(Data shown):
((

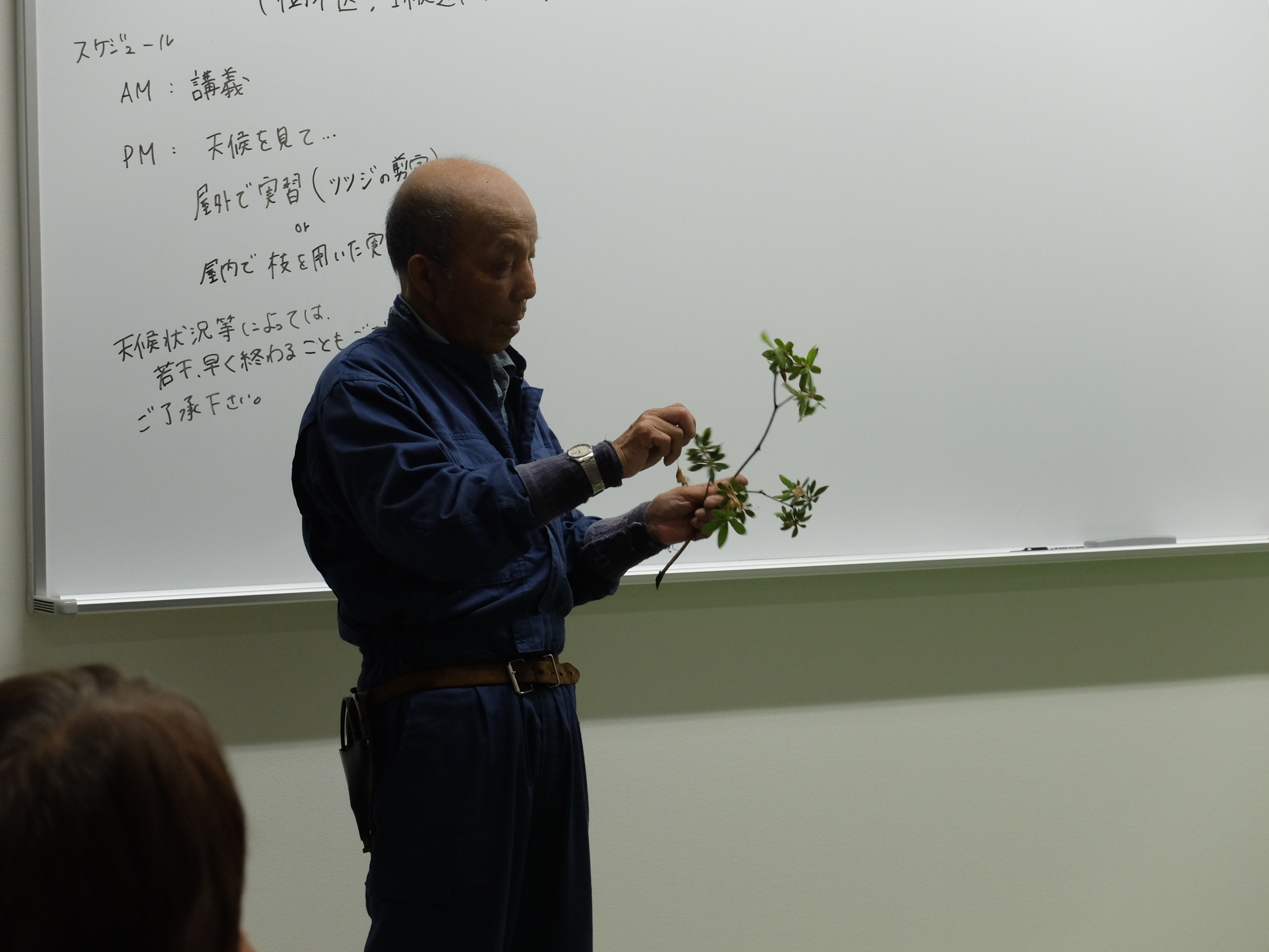 午前中は剪定の時期や剪定の仕方、それぞれの樹種の特徴などを講義形式で学びました。
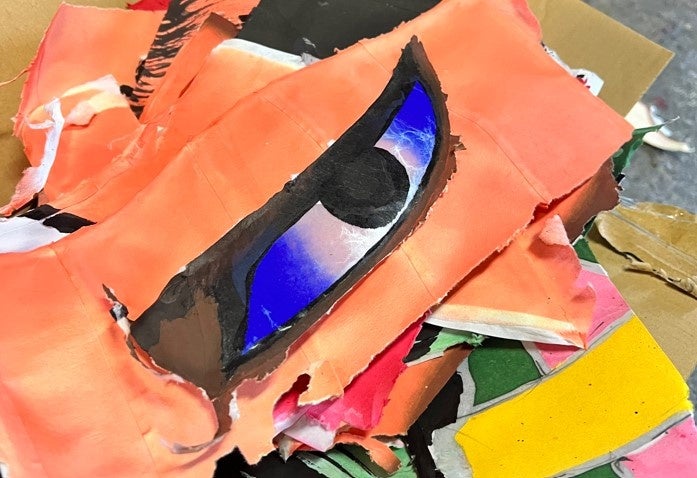 3.完成したNEP*ART TREE (ネップ・アートツリー)。NEP*ARTは「伝統をアートへ」のコンセプトの元、ねぷたの 山車の廃棄する和紙を用いてアップサイクルする、日本の新しい伝統アートです。
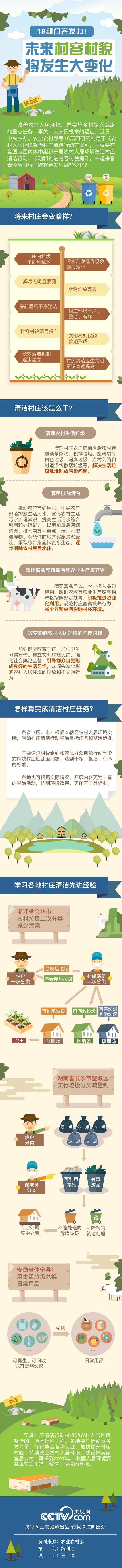 央视网消息:改善农村人居环境,是实施乡村振兴战略的重点任务,事关广大农民根本的福祉。近日,中央农办、农业农村部等18部门研究制定了《农村人居环境整治村庄清洁行动方案》,强调要在全国范围内集中组织开展农村人居环境整治村庄清洁行动,带动和推进村容村貌提升。一起来看看今后村容村貌将会发生哪些变化?
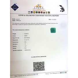REPORT.NO.-LE 727CLARITY.-N/ACOLOUR.-GREENSHAPE/CUT.-RECTANGLEWT.-4.36 CTSDIMENSION.-1-8.10-1.3-7.R.INDEX.-1.57HARDNESS.-7.5COMMENT.-EMERALD..
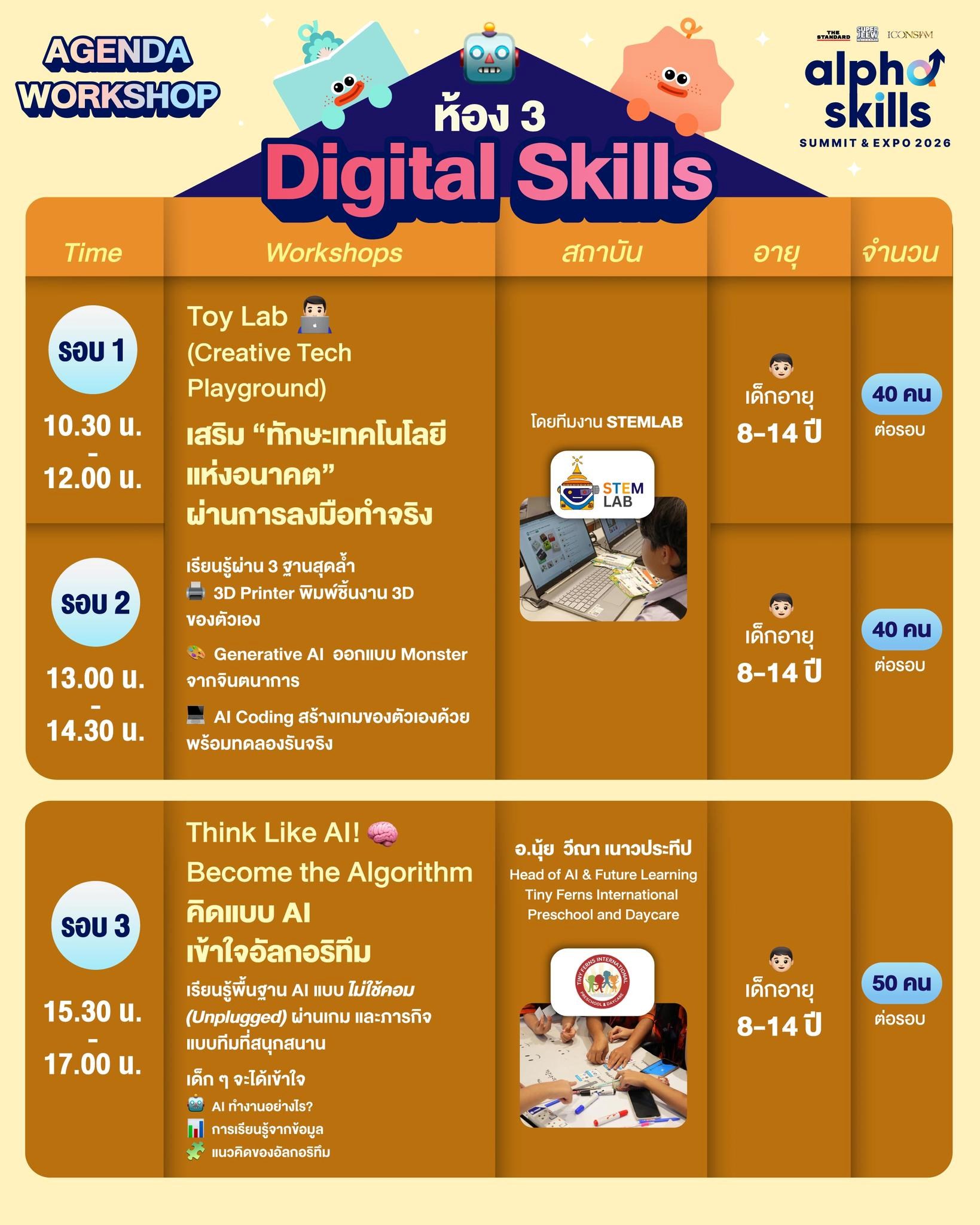 • สามารถแจ้งเปลี่ยนชื่อผ่านช่อง Chatbox มุมขวาล่างของเว็บไซต์ https://www.zipeventapp.com/e/Alphaskillssummit2026
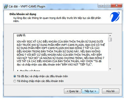 Khi màn hình hiển thị, người dùng bấm “Tiếp tục” → tích vào “Tôi đã đọc và chấp nhận các điều khoản trên” → nhấn ‘Tiếp tục” để thực hiện cài đặt.
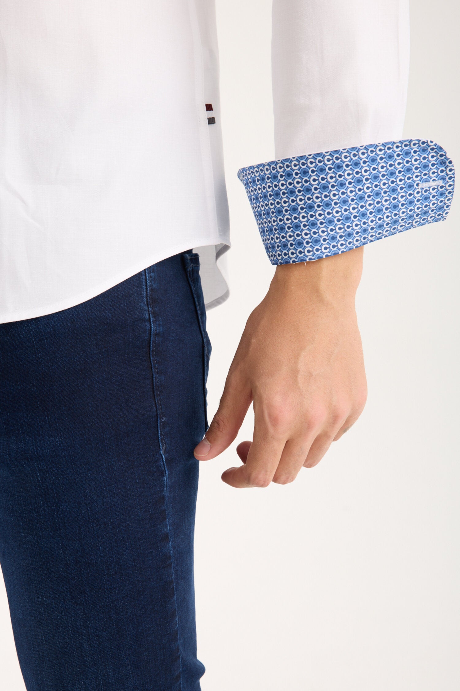 Dieses stilvolle Herrenhemd vereint Komfort und Eleganz. Es verfügt über einen Button-Down-Kragen und ist in Schmaler Passform geschnitten. Die langen ärmel sorgen für einen klassischen Look, wehrend das einzigartige Mustermix innerhalb des Hemdes für einen modernen Touch sorgt. Aus robustem Armoured-Gewebe gefertigt, ist dieses Hemd sowohl strapazierfehig als auch angenehm zu tragen. Erheltlich in einem zeitlosen Wei+ƒ, eignet es sich hervorragend für sportliche Anlesse.
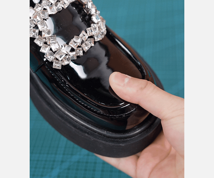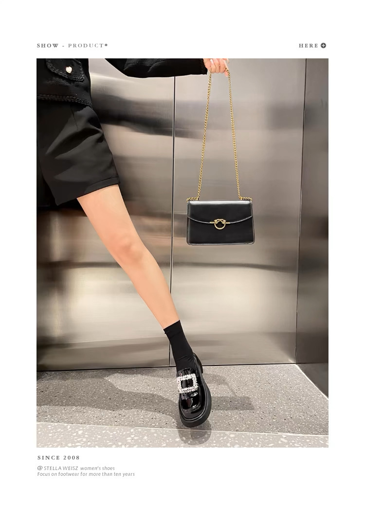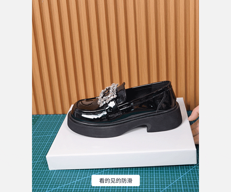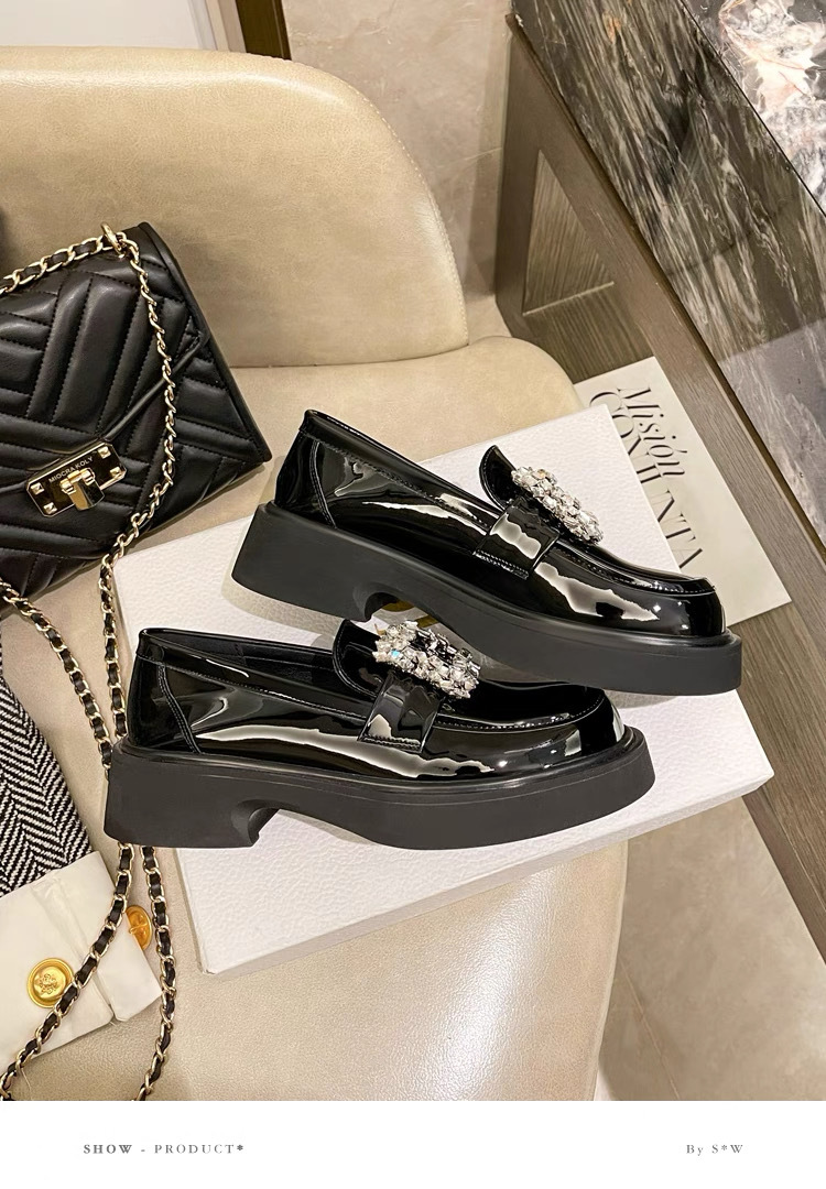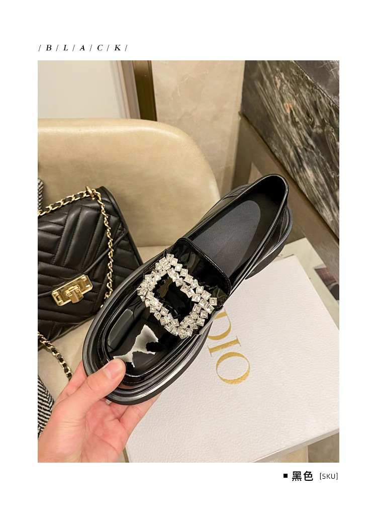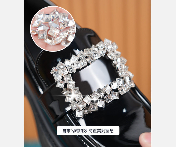 가죽 광장 버클 라인스톤 로퍼 여성 2025 가을 겨울 새로운 기모 두꺼운 바닥 작은 가죽 신발 jk 싱글 신발 영국 여성 신발스토어 가기
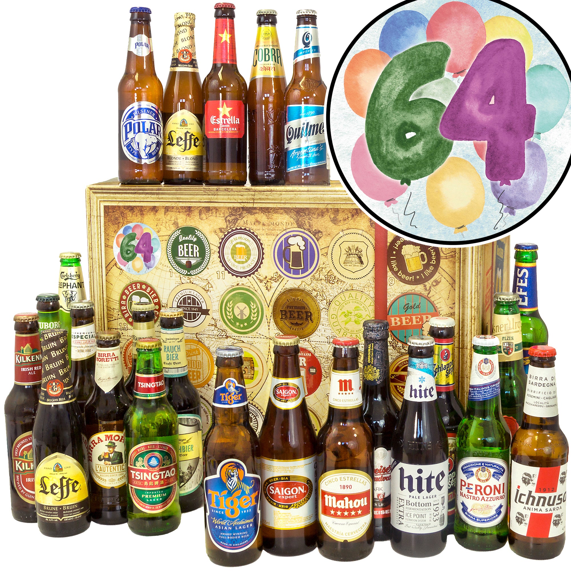 Geburtstag 64 | 24 Flaschen Biere der Welt Exoten | Geschenk Box
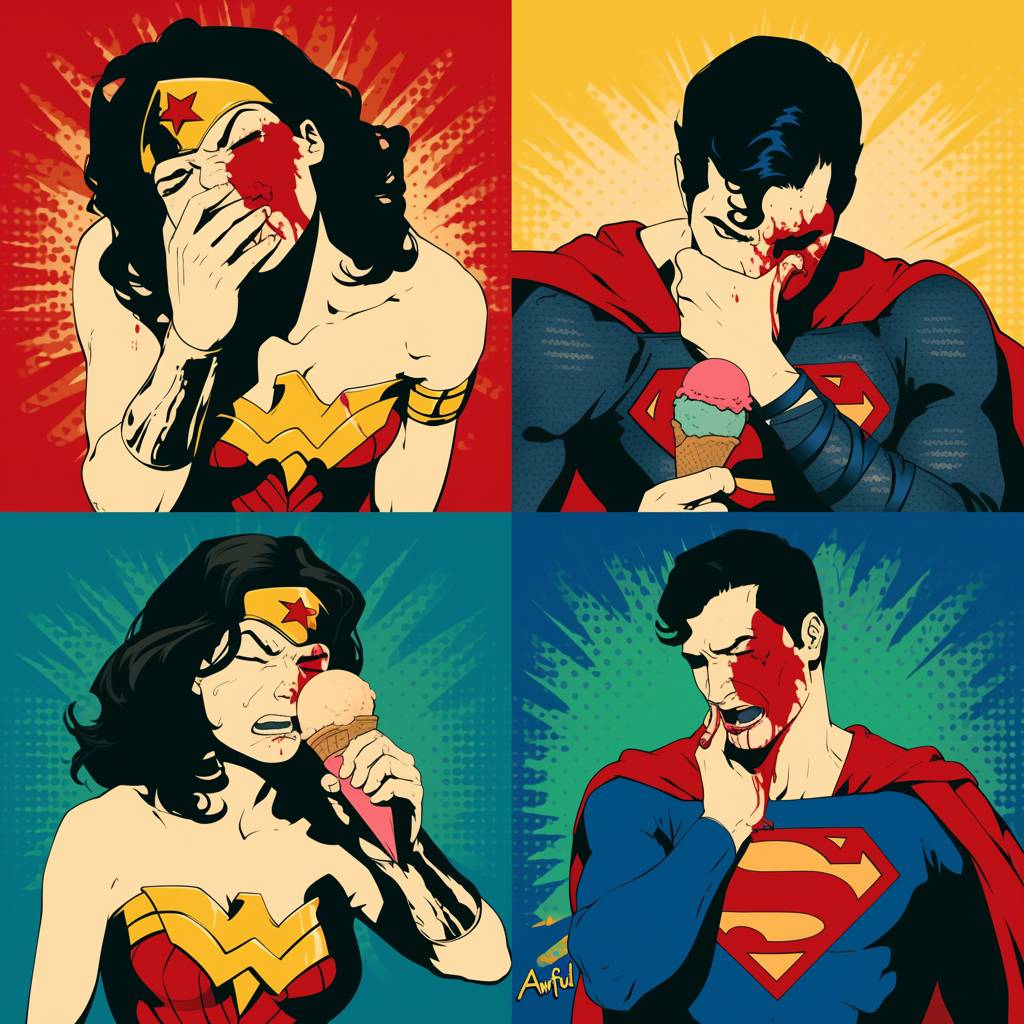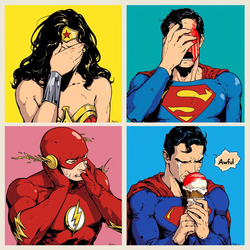 A series of four pop art posters featuring iconic superheroes in various emotional states and the text "Awful", including Wonder Woman with her hand covering her face, Captain America's face covered in red paint splattered across his helmet, The Flash crying with an ice cream cone, Superman crying bitterly, all set against contrasting backgrounds that highlight their expressions and symbols. This composition captures different emotions while maintaining a comic book style. --style raw --niji 6

))

Could you give the listing again exactly as it stands, minus any pictures?

 午前中は剪定の時期や剪定の仕方、それぞれの樹種の特徴などを講義形式で学びました。
 3.完成したNEP*ART TREE (ネップ・アートツリー)。NEP*ARTは「伝統をアートへ」のコンセプトの元、ねぷたの 山車の廃棄する和紙を用いてアップサイクルする、日本の新しい伝統アートです。
 央视网消息:改善农村人居环境,是实施乡村振兴战略的重点任务,事关广大农民根本的福祉。近日,中央农办、农业农村部等18部门研究制定了《农村人居环境整治村庄清洁行动方案》,强调要在全国范围内集中组织开展农村人居环境整治村庄清洁行动,带动和推进村容村貌提升。一起来看看今后村容村貌将会发生哪些变化?
REPORT.NO.-LE 727CLARITY.-N/ACOLOUR.-GREENSHAPE/CUT.-RECTANGLEWT.-4.36 CTSDIMENSION.-1-8.10-1.3-7.R.INDEX.-1.57HARDNESS.-7.5COMMENT.-EMERALD..
 • สามารถแจ้งเปลี่ยนชื่อผ่านช่อง Chatbox มุมขวาล่างของเว็บไซต์ https://www.zipeventapp.com/e/Alphaskillssummit2026
 Khi màn hình hiển thị, người dùng bấm “Tiếp tục” → tích vào “Tôi đã đọc và chấp nhận các điều khoản trên” → nhấn ‘Tiếp tục” để thực hiện cài đặt.
 Dieses stilvolle Herrenhemd vereint Komfort und Eleganz. Es verfügt über einen Button-Down-Kragen und ist in Schmaler Passform geschnitten. Die langen ärmel sorgen für einen klassischen Look, wehrend das einzigartige Mustermix innerhalb des Hemdes für einen modernen Touch sorgt. Aus robustem Armoured-Gewebe gefertigt, ist dieses Hemd sowohl strapazierfehig als auch angenehm zu tragen. Erheltlich in einem zeitlosen Wei+ƒ, eignet es sich hervorragend für sportliche Anlesse.
 가죽 광장 버클 라인스톤 로퍼 여성 2025 가을 겨울 새로운 기모 두꺼운 바닥 작은 가죽 신발 jk 싱글 신발 영국 여성 신발스토어 가기
 Geburtstag 64 | 24 Flaschen Biere der Welt Exoten | Geschenk Box
 A series of four pop art posters featuring iconic superheroes in various emotional states and the text "Awful", including Wonder Woman with her hand covering her face, Captain America's face covered in red paint splattered across his helmet, The Flash crying with an ice cream cone, Superman crying bitterly, all set against contrasting backgrounds that highlight their expressions and symbols. This composition captures different emotions while maintaining a comic book style. --style raw --niji 6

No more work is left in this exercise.